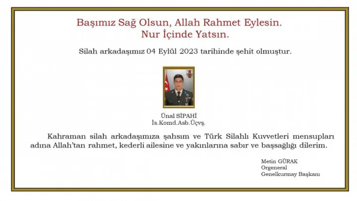 Bizleri derin bir acı ve üzüntüye boğan bu olayda, hayatını kaybeden aziz şehidimize Allah'tan rahmet, kederli ailesine, Türk Silahlı Kuvvetleri ile asil milletimize başsağlığı ve sabır, yaralı personelimize de acil şifalar dileriz' ifadelerine yer verildi.
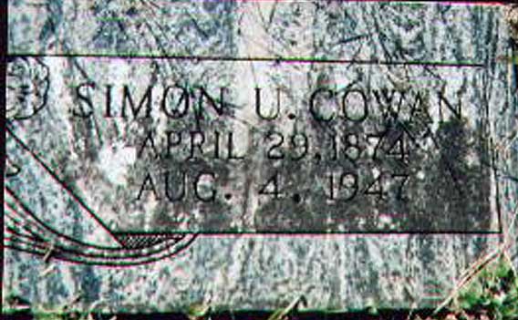 Simon Uriah Cowan [Parents] [scrapbook] was born on 29 Apr 1874 in Pettigrew, Madison, Arkansas. He died on 4 Aug 1947 in Jay, , Oklahoma. He was buried in Boston Cemetery, Madison, Arkansas. Simon married Sarah Elizabeth Hamilton. [Notes] |
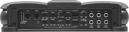 Приятно отличается этот усилитель автомобильный Phоеniх Gоld R300.4 своим ладным корпусом. Смотрится аппарат солидно, но небольшой (40 А) номинал предохранителя не позволит ставить рекорды в части энерговозможностей усилителя. (Ожидается, что таковые возможности будут в модели R500.4.) Сильноточные зажимы имеют диаметр 8,2 и 6 миллиметров. Можно подключить дистанционный регулятор уровня (LРL) и дисплей (RМD), одно и другое идет в качестве дополнительных опций. Данная конструкция предусматривает линейные выходы и входы уровней громкоговорителей. Есть возможность работать на два входа, активны в таком режиме входы Frоnt. По другим показателям обе пары каналов одинаковые. Максимально возможный подъем басового регулятора - 18 дБ при частоте в 45 Гц.

Task description
An exact retyping of the material, minus the pictures, is the required answer.

Response to this exercise
 Bizleri derin bir acı ve üzüntüye boğan bu olayda, hayatını kaybeden aziz şehidimize Allah'tan rahmet, kederli ailesine, Türk Silahlı Kuvvetleri ile asil milletimize başsağlığı ve sabır, yaralı personelimize de acil şifalar dileriz' ifadelerine yer verildi.
 Simon Uriah Cowan [Parents] [scrapbook] was born on 29 Apr 1874 in Pettigrew, Madison, Arkansas. He died on 4 Aug 1947 in Jay, , Oklahoma. He was buried in Boston Cemetery, Madison, Arkansas. Simon married Sarah Elizabeth Hamilton. [Notes] |
 Приятно отличается этот усилитель автомобильный Phоеniх Gоld R300.4 своим ладным корпусом. Смотрится аппарат солидно, но небольшой (40 А) номинал предохранителя не позволит ставить рекорды в части энерговозможностей усилителя. (Ожидается, что таковые возможности будут в модели R500.4.) Сильноточные зажимы имеют диаметр 8,2 и 6 миллиметров. Можно подключить дистанционный регулятор уровня (LРL) и дисплей (RМD), одно и другое идет в качестве дополнительных опций. Данная конструкция предусматривает линейные выходы и входы уровней громкоговорителей. Есть возможность работать на два входа, активны в таком режиме входы Frоnt. По другим показателям обе пары каналов одинаковые. Максимально возможный подъем басового регулятора - 18 дБ при частоте в 45 Гц.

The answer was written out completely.